Pour into the Bundt pan and bake for an 1 hour to 1 hour and 15 minutes. 

Glaze
Whisk the sugar and the cinnamon together.  Add the milk, 1 tablespoon at a time, and whisk until the glaze is thick but still able to be poured on the cake. 




Tuesday, October 1, 2013

Fall off the Bone Ribs

One thing I love about southern cooking are most things are cooked with something pork. So how can you go wrong with some oven barbecued ribs?  These ribs are cooked low and slow to make sure you get the most tender and juicy ribs possible.  Up to this point, I have never tried to make any ribs, but Paula made this as easy as possible.  Where I grew up, I was used to ribs covered in a thick ketchup style barbeque sauce. Those are good, but I took Paula's suggestions and covered them in her Daddy's Tangy Grilling Sauce.  This sauce is simple with just Worcestershire sauce, butter and lemon juice.

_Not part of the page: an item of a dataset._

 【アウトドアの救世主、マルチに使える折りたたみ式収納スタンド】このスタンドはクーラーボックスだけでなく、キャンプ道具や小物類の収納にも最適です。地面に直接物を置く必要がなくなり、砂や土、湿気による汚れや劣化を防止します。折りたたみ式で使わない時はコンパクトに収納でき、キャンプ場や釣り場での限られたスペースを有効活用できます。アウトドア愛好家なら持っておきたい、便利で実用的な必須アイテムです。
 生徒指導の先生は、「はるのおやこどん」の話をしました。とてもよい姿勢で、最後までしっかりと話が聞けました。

When I tasted it, I really was a little worried about how they would turn out but, the sauce really is the key to these wonderful ribs.  As the ribs cook, they soak up this tangy sauce and it makes the ribs so succulent and tender you will think they're finger licking good. 

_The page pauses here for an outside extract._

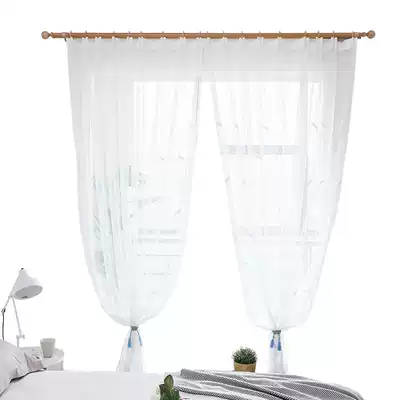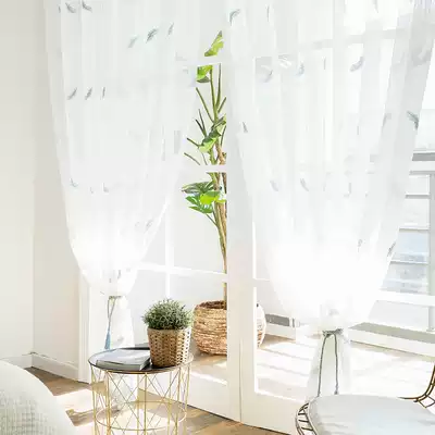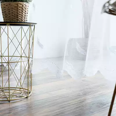 Punch-free installation of white yarn curtain bay window living room balcony partition yarn shading translucent impermeable embroidery yarn curtain curtains

What goes better with barbeque ribs than Paula's Best Braised Southern Greens?  Paula uses some good 'ole bacon grease, butter and onions to flavor this dish. We all know you can't go wrong with butter and bacon for flavor in the south!   Overall the greens turned out really good, but I do think they needed to be cooked way longer then what Paula suggests.   I don't know about the rest of you, but I love my collard greens cooked soft. I don't want any crunchy greens!  In the recipe, Paula says to only cook these about 20 minutes total. To me they could have cooked for longer, but that is how I like them.

BBQ Pork Ribs pg. 143

5 pounds bone in country style ribs
salt and pepper
1 teaspoon garlic powder
Daddy's tangy grilling sauce.

To make the sauce take 1 cup of Worcestershire sauce, 1/2 stick of butter and the juice of 2 lemons and combine in a sauce pan and simmer for 10 minutes.

For the Ribs:

Sprinkle with salt, pepper, and garlic powder then cover and refrigerate for 4 or more hours. 

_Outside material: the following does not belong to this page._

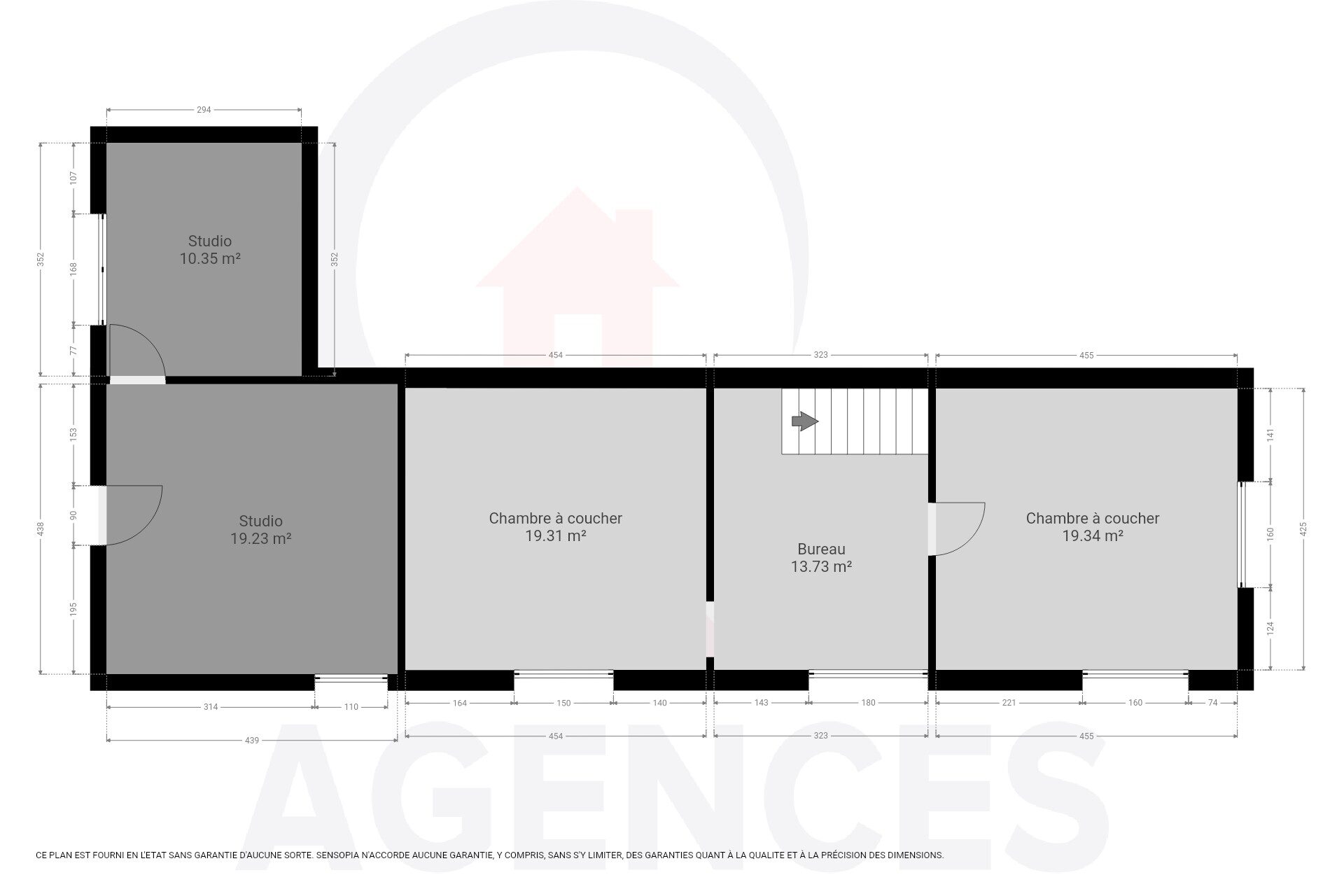– 1er étage : bureau, 2 chambres, studio de 30m² (deux pièces à rénover) avec entrée indépendante ;

Preheat your oven to 350 degrees.  Pour half of the sauce in your roasting pan, making sure to coat the ribs with the sauce.  Cover your pan with foil and bake 1-1 1/2 hours.  Then pour the rest of your sauce over your ribs and bake until tender around another 1 1/2 hours.  Once they are done make sure you let them rest for a few minutes before you serve them.







Best Braised Southern Greens

8 slices of bacon cut into pieces
1 medium onion
1 stick of butter
2 pounds collards
salt
hot sauce

In a large sauce pan fry the bacon pieces until crisp then add your onions and butter and cook until the onions are soft and tender.

Add about 2 cups of water,  I needed a little more than 2 cups, and bring to a boil then simmer for 10 minutes.  Add your collard greens and cook until tender.  Paula says 20 minutes, but I say you will need longer.